Standing up for Donegal’s children with special needs

Standing up for Donegal’s children with special needs
Ruairi Quinn, minister for education and skills, had been speaking with people after delivering his address to the MacGill Summer School on Thursday. As he turned from the door of the Highland Hotel, he spotted a familiar face coming toward him.

Ruairi Quinn, minister for education and skills, had been speaking with people after delivering his address to the MacGill Summer School on Thursday. As he turned from the door of the Highland Hotel, he spotted a familiar face coming toward him.

“Gina!” he said.

Gina Grant of Letterkenny, who is involved in a number of campaigns in support of children with special needs, approached the minister with a question from a discussion they had earlier in the day. Gina and Fran Kane, secretary of Down Syndrome Ireland, had brought the minister a proposal from the national parents group Down Syndrome Education Equality Advocates.

In just an evening, Gina and Fran had organised a demonstration for Thursday that drew up to 70 people to the hotel in advance of the minister’s address. They want Down Syndrome to be recognised as a disability in order to provide their children with the supports that the parents say the youngsters require. They brought that message to the minister on Friday.

Gina carried a sign with a photo of her son Christopher on it. It said, “My extra chromosome needs extra support.”

Because Down Syndrome is not recognised as a disability, not all children with Down Syndrome will receive a special needs assistant at school.

“All children with Down Syndrome have the capability of being who they want to be, ” Gina said. “Once they get something into their long-term memory they get it, they’ve got it, they’re flying.

“But they need one-on-one assistance for this, ” she said. “My son is 5 and the system is failing him.”

Gina is also a spokesperson for the Let Me Be Me! campaign that was formed earlier this summer to support Donegal’s specialist special-needs preschools. Gina’s son Christopher, 5, has Down Syndrome and her son Francis, 4, has mitochondrial disease and attends the specialist preschool at Ballaghderg, Letterkenny. Gina and her husband, Eddie, have a house full of seven children, ranging in age from 4 to 21.

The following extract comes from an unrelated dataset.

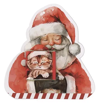 Потрясающее поздравление к новому году в виде открытки с дедом морозом с котиком и с маленькой вкусной шоколадочкой из молочного шоколада внутри!!! Как только увидела в магазине, сразу же купила, не раздумывая, так приятно стало на душе! Рекомендую всем приобрести такой подарочек для своих родных, любимых и друзей!!!
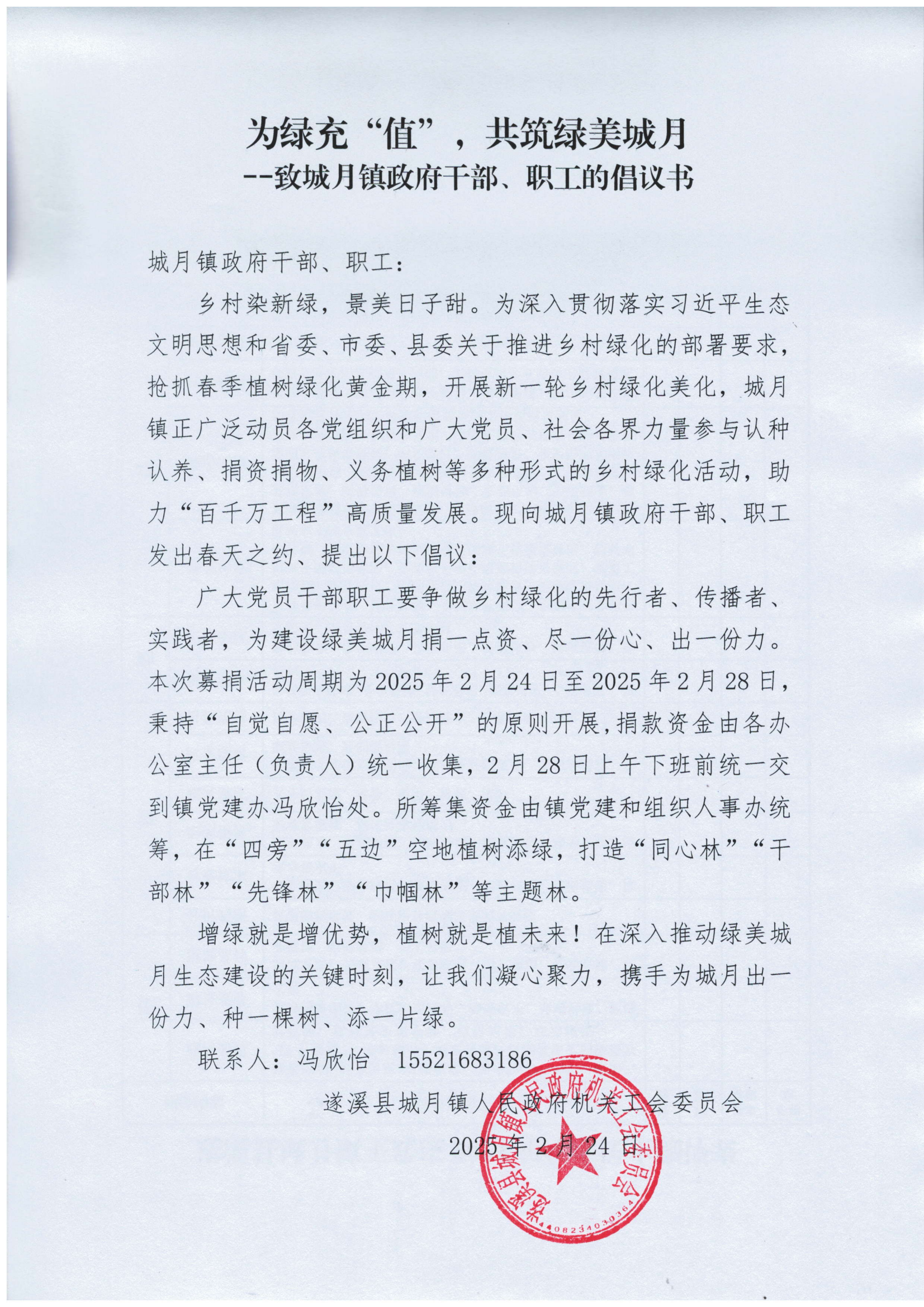 --致城月鎮(zhèn)政府干部、職工的倡議書

The Health Service Executive has already confirmed their plans to close St. Agnes specialist preschool in Donegal town next year, and the preschool is not accepting new children this year. Parents whose children attend Ballaghderg are concerned about the future of that preschool; the HSE has only committed to supporting the school until 2015.

In their conversation with the minister on Friday, Gina and Fran proposed that the government provide all children with Down Syndrome with three hours a week of special needs assistance and that the children be regularly assessed to ensure their needs did not change as the year went on. The minister asked the women to provide him with documentation to further detail their proposal, and told them he believed it was a request worth considering.

There are about 70 families in Donegal who have a school-aged child with Down Syndrome. Nationally, up to 30 children with Down Syndrome enter the Irish school system each year. Gina and Fran want the government to address the issue in time for the children who will begin school in September.

“We’re not talking huge numbers here, ” Gina said. “And it would cost less than 5,000 euro per child, so it’s not a huge money issue, either.”

Fran and Gina were pleased with their talk with the minister in Glenties. “He sat down and listened to us, ” Fran said. Fran’s son JJ, age 10, has Down Syndrome.

“Down Syndrome is not an intellectual disability, ” Gina said. The condition affects children across the board, and those who are not provided with suitable special assistance will face frustration after frustration in school, she said.

“There’s only so much failure any child can take, ” Gina said.

Fran became involved in Down Syndrome Ireland about a year ago and because of Gina’s encouragement. The two had met at a protest in support of children with Down Syndrome. Fran said that she and her husband had to fight for the special-needs assistance they could secure for their son.

“Gina is very passionate -- she’s all about the children. She’s not doing it for any political gain, she’s not getting a wage at the end of it, ” Fran said. “If Gina says, ‘Let’s do this’, I say, ‘yes’.”

Gina became involved in the Down Syndrome campaign two Octobers ago when she discovered how difficult it would be to secure special resources for Christopher in school. “But people have been campaigning for years, ” she said.

“Every parent of a child with Down Syndrome knows their councillor or TD, ” Gina said. Those parents often must go to their elected representatives to secure the hearing, vision and other tests that children with Down Syndrome need regularly. Often, a child with a state-recognised disability will move up the list faster, making the wait longer for the child who has Down Syndrome.

Fran and Gina acknowledged that there has been great progress in the way the state deals with children who have Down Syndrome in recent decades. But there is more work to be done, they said.

“Every child with Down Syndrome should be allowed to be capable to their level of ability, ” Gina said. “Not to write children off, and that’s what we believe the government have done.”